## Directions for this task
Emit a verbatim copy of the lines below from the line with "Kikötési pontok: 2" through the line with "陆宝家用健康陶瓷炖盅隔水带盖十字炖罐400ml 给宝宝蒸蛋煲汤燕窝盅 富贵红 400ml", excluding pictures and everything outside that range.
Data supplied Block Start
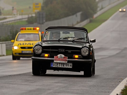 Itt tényleg elemükben voltak a sportfutóműves kocsik. Egy Triumph Spitfire úgy megy el, mintha száraz lenne a pálya. Később kiderül, 2,5 literes, körülbelül 140 lóerős, hathengeres motor és versenyfutómű magyarázza a furcsaságot. Anna szól, hogy kéne már nyomni, mert lekéssük az időnket. Még jobban tornázom a kormánnyal, másodikban és harmadikban ordít a motor. Kezdem kapizsgálni, miért tolták annyira a többiek. Egy TR6-os Triumph a biztonsági korlátra rásimulva várja a segítséget. Pocsék lehet nekik, de minimális horzsolásokkal megúszták.
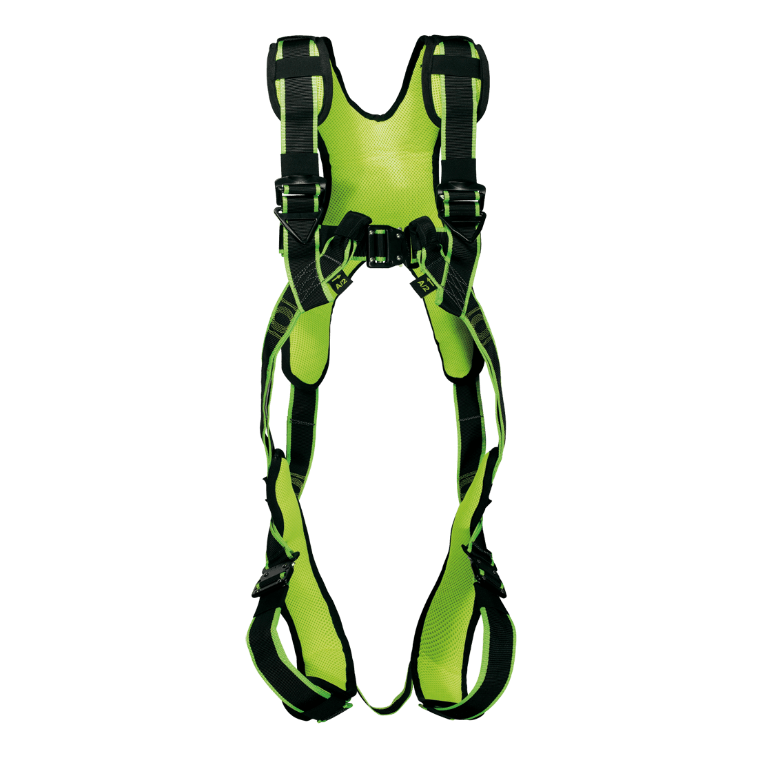 Kikötési pontok: 2 db hevedergyűrű a mellkasnál, 1 db D-gyűrű a háton. Állítható mellkasi pánt és lábpántok. Párnázott váll- és lábpántok a nagyobb kényelemért. A lábpántok gyorscsatokkal vannak ellátva. Egy kézzel is könnyen állítható pántok.
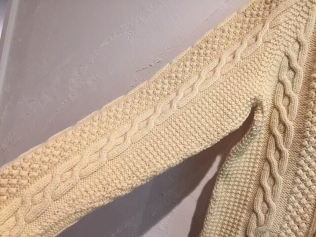 ハンドメイドで作られていて温かみもあり上品さもございます。フィッシャーマンニットでモックネックというのもポイント高いです。レディース使用なので作りも凄く大きい訳ではなく着用しやすいと思います。編み方も可愛く編み込みされています。
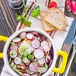 Farmers’ Markets are bursting with delicious radishes. Try combining a variety of radishes for a beautiful Radish Salad.
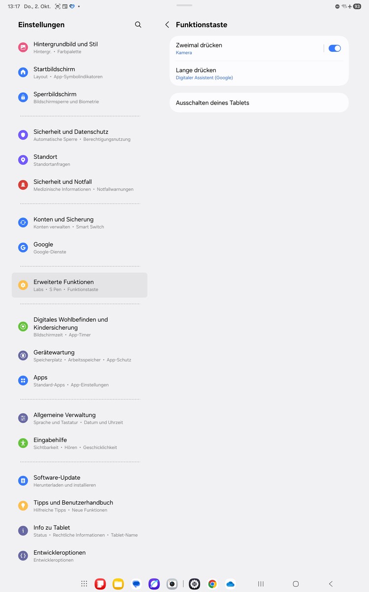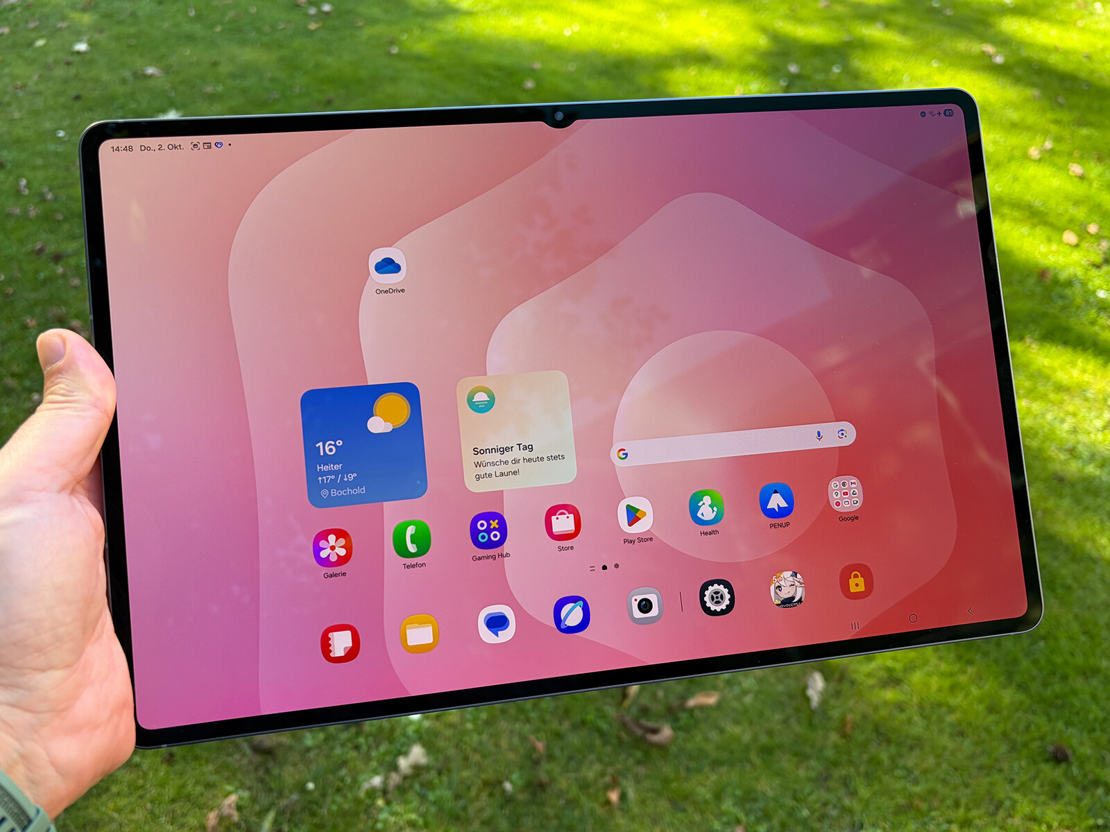 For biometric security, an optical fingerprint sensor has been integrated into the display. This is located on the shorter right side of the Galaxy Tab S11 Ultra and is most easily accessible in landscape format. However, if you use the tablet upright, then you'll have to adjust your grip. In addition or as an alternative, users can make use of facial recognition via the front camera, which is less secure but works super reliably in good lighting conditions.
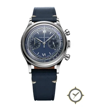 A Chronograph watch with a bold 42.5mm presence on the wrist, crafted from stainless steel featuring a navy dial with a unique sunburst / radial brushed finish.
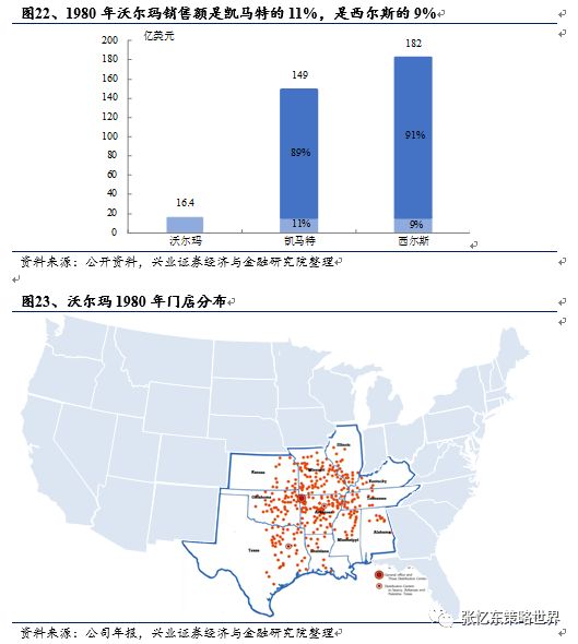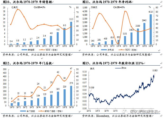 成为区域性零售公司霸主。1970-1979年的10年间,沃尔玛销售收入从4429万美元增至12.48亿美元,CAGR为45%;净利润从165万美元增至4115万美元,CAGR为43%;门店数从38家增至276家,增长了6倍,遍布11个州;总营业面积117万平方米,单店面积4208平米。沃尔玛一跃成为最年轻的年销售收入超10亿美元的零售公司。同时,在区域性零售公司中,它是成长最快的,也是唯一销售收入超过10亿美元的。
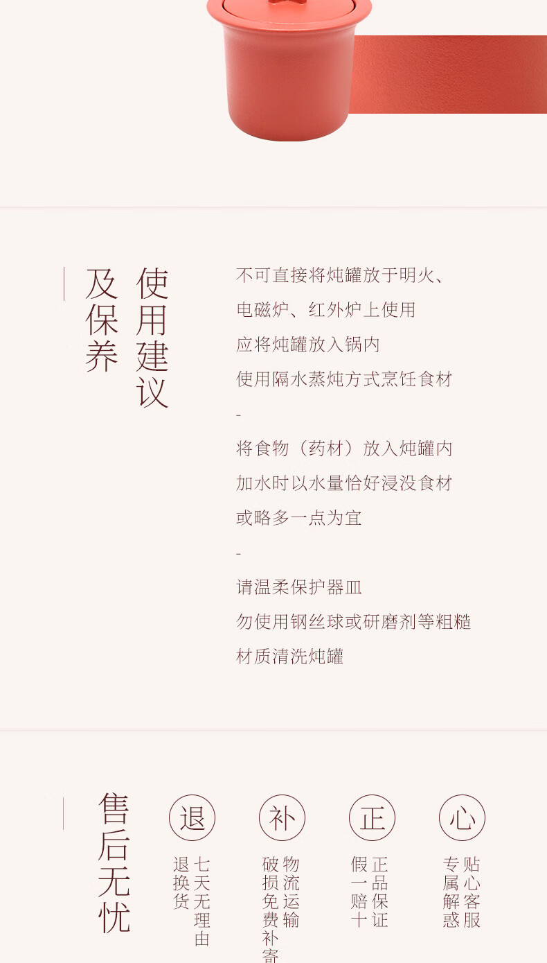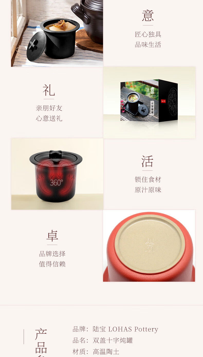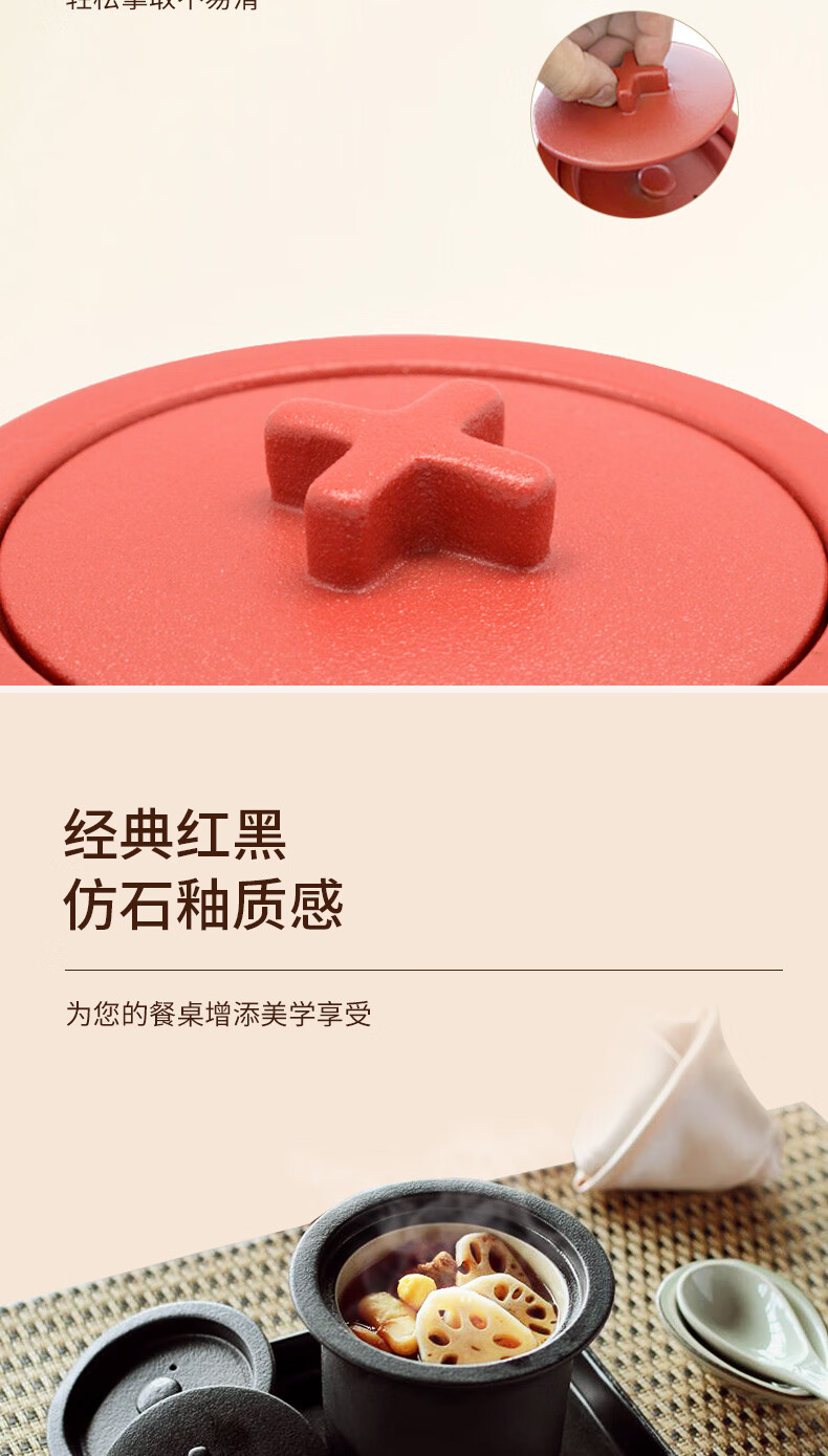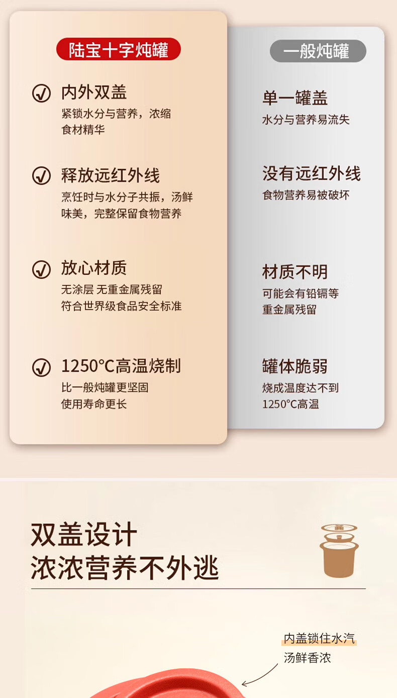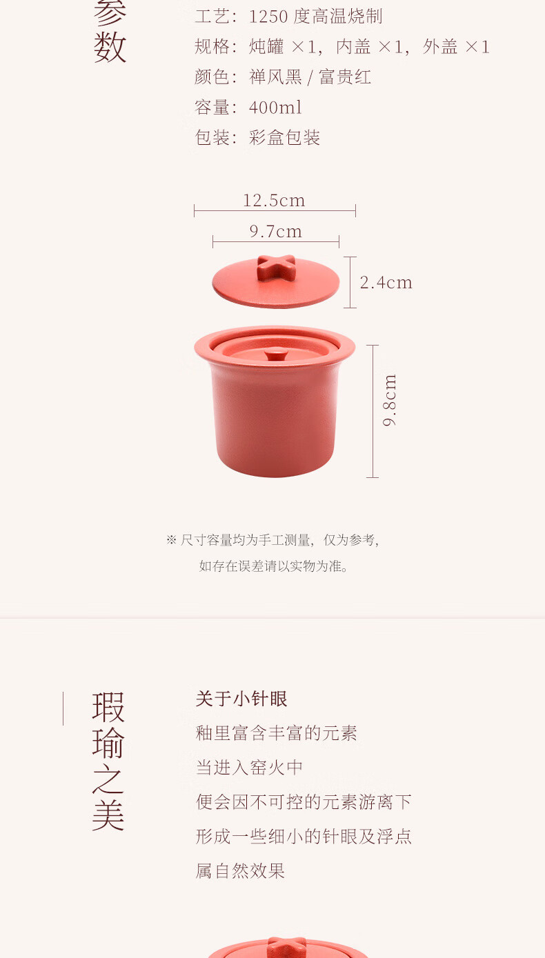陆宝家用健康陶瓷炖盅隔水带盖十字炖罐400ml 给宝宝蒸蛋煲汤燕窝盅 富贵红 400ml
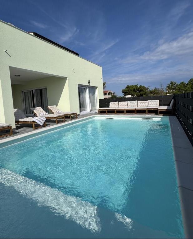 Casă de vacanță cu piscină, vedere la mare și la Velebit - vacanță perfectă în liniște și pace! Bucurați-vă de pace și intimitate deplină în această frumoasă casă de vacanță situată în afara centrului, ideală pentru o vacanță în familie sau relaxare cu prietenii! Locație Casa este situată într-un sat liniștit, departe de zgomotul orașului și, în același timp, la doar: • 500 m de plaja principală • 500 m de faimoasa plajă cu nisip Rajska • 3 km de centrul orașului Despre casă Casa oferă tot ce aveți nevoie pentru un sejur confortabil și relaxant: • 4 dormitoare spațioase pentru 8 persoane • 2 băi moderne • 1 toaletă suplimentară • Bucătărie și living complet utilate • Aer condiționat, Wi-Fi, TV prin satelit Facilități exterioare și suplimentare • Piscină privată cu șezlonguri • Vedere frumoasă la mare și la muntele Velebit • Terasă spațioasă și grătar • Parcare privată • Ideală pentru familii cu copii și iubitori de natură Mediul liniștit face din această casă alegerea perfectă pentru cei care doresc să scape de stresul cotidian și să se bucure de frumusețile naturale, mare și munte. Rezervați-vă astăzi o întâlnire și asigurați-vă vacanța perfectă!
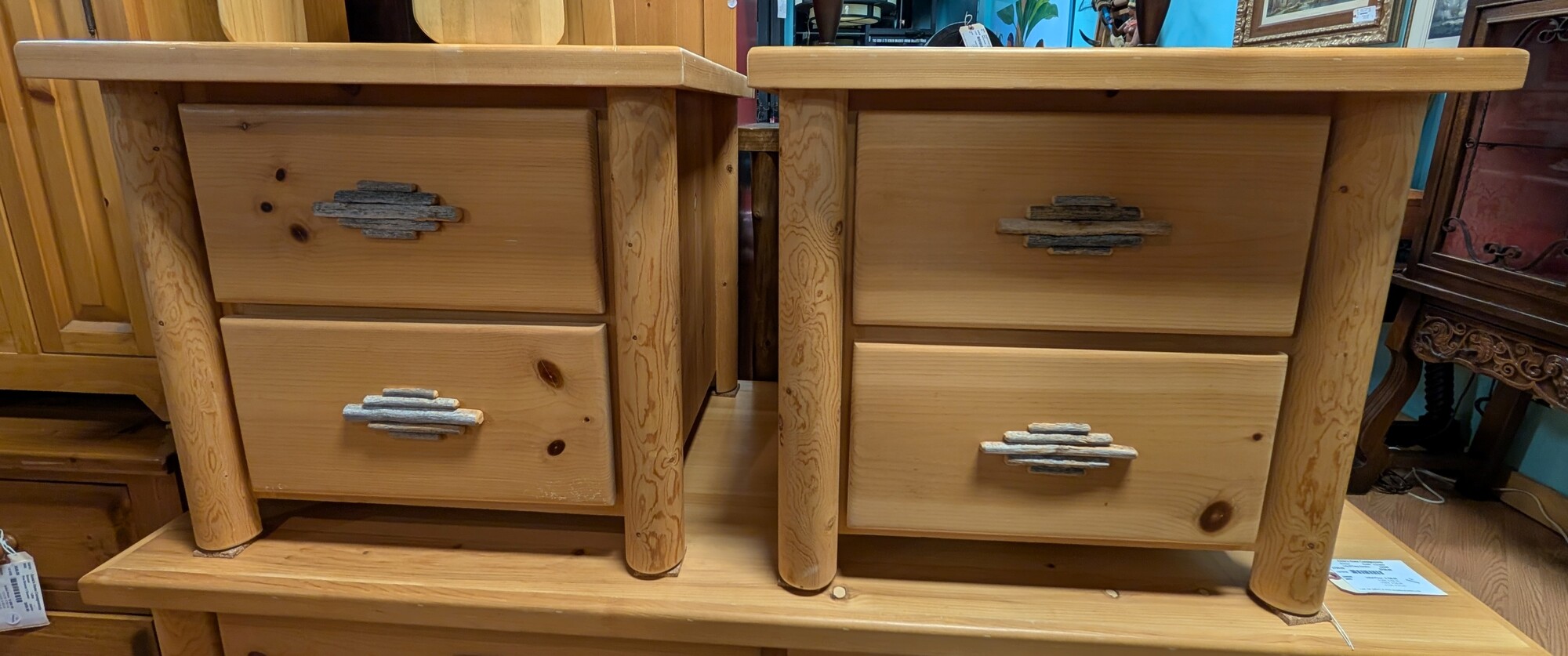 Log W/Twig Handle Sides, *PAIR*, 2 Drawer 26.5 x 25 x 24h
Data supplied Block End
## Response to this exercise
 Kikötési pontok: 2 db hevedergyűrű a mellkasnál, 1 db D-gyűrű a háton. Állítható mellkasi pánt és lábpántok. Párnázott váll- és lábpántok a nagyobb kényelemért. A lábpántok gyorscsatokkal vannak ellátva. Egy kézzel is könnyen állítható pántok.
 ハンドメイドで作られていて温かみもあり上品さもございます。フィッシャーマンニットでモックネックというのもポイント高いです。レディース使用なので作りも凄く大きい訳ではなく着用しやすいと思います。編み方も可愛く編み込みされています。
 Farmers’ Markets are bursting with delicious radishes. Try combining a variety of radishes for a beautiful Radish Salad.
 For biometric security, an optical fingerprint sensor has been integrated into the display. This is located on the shorter right side of the Galaxy Tab S11 Ultra and is most easily accessible in landscape format. However, if you use the tablet upright, then you'll have to adjust your grip. In addition or as an alternative, users can make use of facial recognition via the front camera, which is less secure but works super reliably in good lighting conditions.
 A Chronograph watch with a bold 42.5mm presence on the wrist, crafted from stainless steel featuring a navy dial with a unique sunburst / radial brushed finish.
 成为区域性零售公司霸主。1970-1979年的10年间,沃尔玛销售收入从4429万美元增至12.48亿美元,CAGR为45%;净利润从165万美元增至4115万美元,CAGR为43%;门店数从38家增至276家,增长了6倍,遍布11个州;总营业面积117万平方米,单店面积4208平米。沃尔玛一跃成为最年轻的年销售收入超10亿美元的零售公司。同时,在区域性零售公司中,它是成长最快的,也是唯一销售收入超过10亿美元的。
陆宝家用健康陶瓷炖盅隔水带盖十字炖罐400ml 给宝宝蒸蛋煲汤燕窝盅 富贵红 400ml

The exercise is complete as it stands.